La ola de calor no solo vacía terrazas a mediodía o dispara el uso del aire acondicionado. También reordena la cesta de la compra. La Agencia Estatal de Meteorología ha activado un aviso especial por ola de calor con duración prevista hasta el jueves 9 de julio, en un episodio de temperaturas extremas en buena parte del país. Ese contexto climático tiene una traducción directa en caja: el calor vende.
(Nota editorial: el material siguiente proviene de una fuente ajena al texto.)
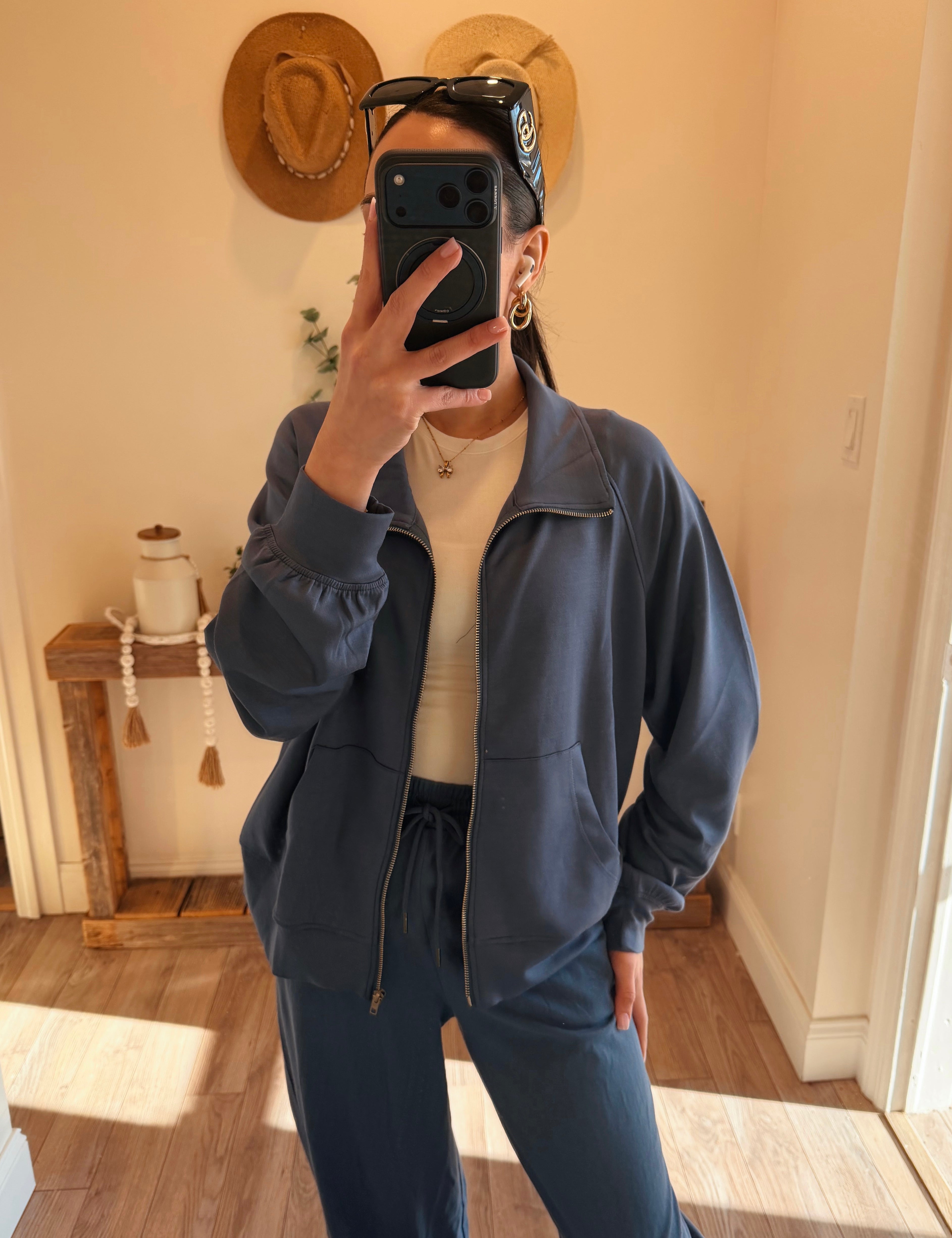 Dusty Navy Double Knit High Neck Long Sleeve Zippered Jacket

El primer producto que gana espacio es el agua. Durante los episodios de altas temperaturas, la compra deja de planificarse solo por precio o por menú semanal y pasa a estar condicionada por una necesidad básica: hidratarse. Según datos de Circana publicados durante la última ola de calor, las ventas de agua crecieron un 8,6% en valor respecto al mismo periodo del año anterior. El agua mineral, los formatos familiares y las botellas pequeñas para llevar se convierten en productos de rotación rápida.
El segundo gran ganador es el gazpacho. Lo que antes era una receta doméstica se ha transformado en una categoría industrial de alto valor añadido. NielsenIQ calcula que los españoles consumieron 106 millones de litros de gazpacho, salmorejo y ajoblanco en el último año cerrado a mediados de junio de 2025. Más de la mitad de los consumidores, el 53,3%, compra estos productos una media de ocho veces al año. La facturación de la categoría alcanzó los 281,5 millones de euros, frente a los 208 millones de 2021.
El gazpacho envasado no exige cocinar, se sirve frío, encaja con la búsqueda de salud y permite resolver una comida sin encender la vitrocerámica. Además, la categoría se ha sofisticado. Las botellas premium, los formatos individuales y las variedades con frutas (como fresa o cereza) muestran que el consumidor no solo compra frescor, sino también experiencia, calidad percibida y practicidad.
La fruta ocupa otro lugar central en el supermercado del calor. Sandía, melón, uvas, nectarinas, paraguayos o cerezas funcionan como alimento, postre y sustituto de comidas pesadas. En un mercado de gran consumo que en 2025 alcanzó los 131.000 millones de euros en España, NielsenIQ destacó el buen comportamiento de los frescos, con las frutas creciendo un 5,5% en demanda.
El calor también empuja los refrigerados y congelados. En los lineales, el consumidor busca platos listos, ensaladas refrigeradas, cremas frías, helados y soluciones rápidas. La misma fuente de NielsenIQ señala que los refrigerados y congelados fueron una de las categorías más dinámicas del gran consumo en 2025, con un aumento del 4,3% en volumen, mientras que las bebidas no alcohólicas avanzaron un 3,1%.
El helado, por su parte, es el producto emocional del verano. No responde solo a la hidratación ni a la nutrición, sino al premio inmediato. Es impulso, capricho y alivio. Gana fuerza tanto en formato familiar como en unidades individuales, especialmente en supermercados de proximidad, estaciones de servicio y tiendas urbanas. En plena ola de calor, el congelador se convierte en una zona estratégica: atrae tráfico, aumenta el ticket medio y favorece compras no previstas.
La otra gran categoría que se dispara está fuera del plato: las cremas solares. La protección solar ha dejado de ser una compra exclusiva de playa y vacaciones para convertirse en un producto de cuidado personal recurrente. Sanidad recomienda, ante las altas temperaturas, evitar la exposición prolongada al sol, beber agua con frecuencia, usar protección solar y vestir ropa ligera.
El negocio acompaña esa mayor conciencia preventiva. Circana estima que la protección solar alcanzó 1.600 millones de euros en los seis principales mercados europeos en los doce meses hasta marzo de 2026, un 11,6% más interanual. En España, las marcas de fabricante concentraron el 92% del crecimiento en volumen, con 1,8 millones de unidades adicionales y 28,2 millones de euros en ventas.
Para la distribución, el calor plantea una oportunidad y un reto. Oportunidad, porque acelera categorías de alta rotación y margen interesante. Reto, porque exige prever demanda, reforzar la cadena de frío, evitar roturas de stock y ajustar promociones casi al ritmo de la previsión meteorológica. Un fin de semana con máximas extremas puede alterar más la cesta que una campaña publicitaria.
El supermercado del calor funciona con una lógica simple: el consumidor compra alivio. Agua para resistir, gazpacho para no cocinar, fruta para refrescarse, helados para premiarse y crema solar para protegerse. La meteorología se ha convertido en una variable comercial de primer orden. Y cada verano, a medida que las olas de calor son más frecuentes e intensas, el lineal aprende a leer el cielo antes que el calendario.
En la economía del calor, ganar no consiste solo en vender más. Consiste en estar preparado cuando el cliente entra por la puerta buscando una respuesta inmediata a una sensación física: sed, cansancio, apetito ligero o necesidad de protección.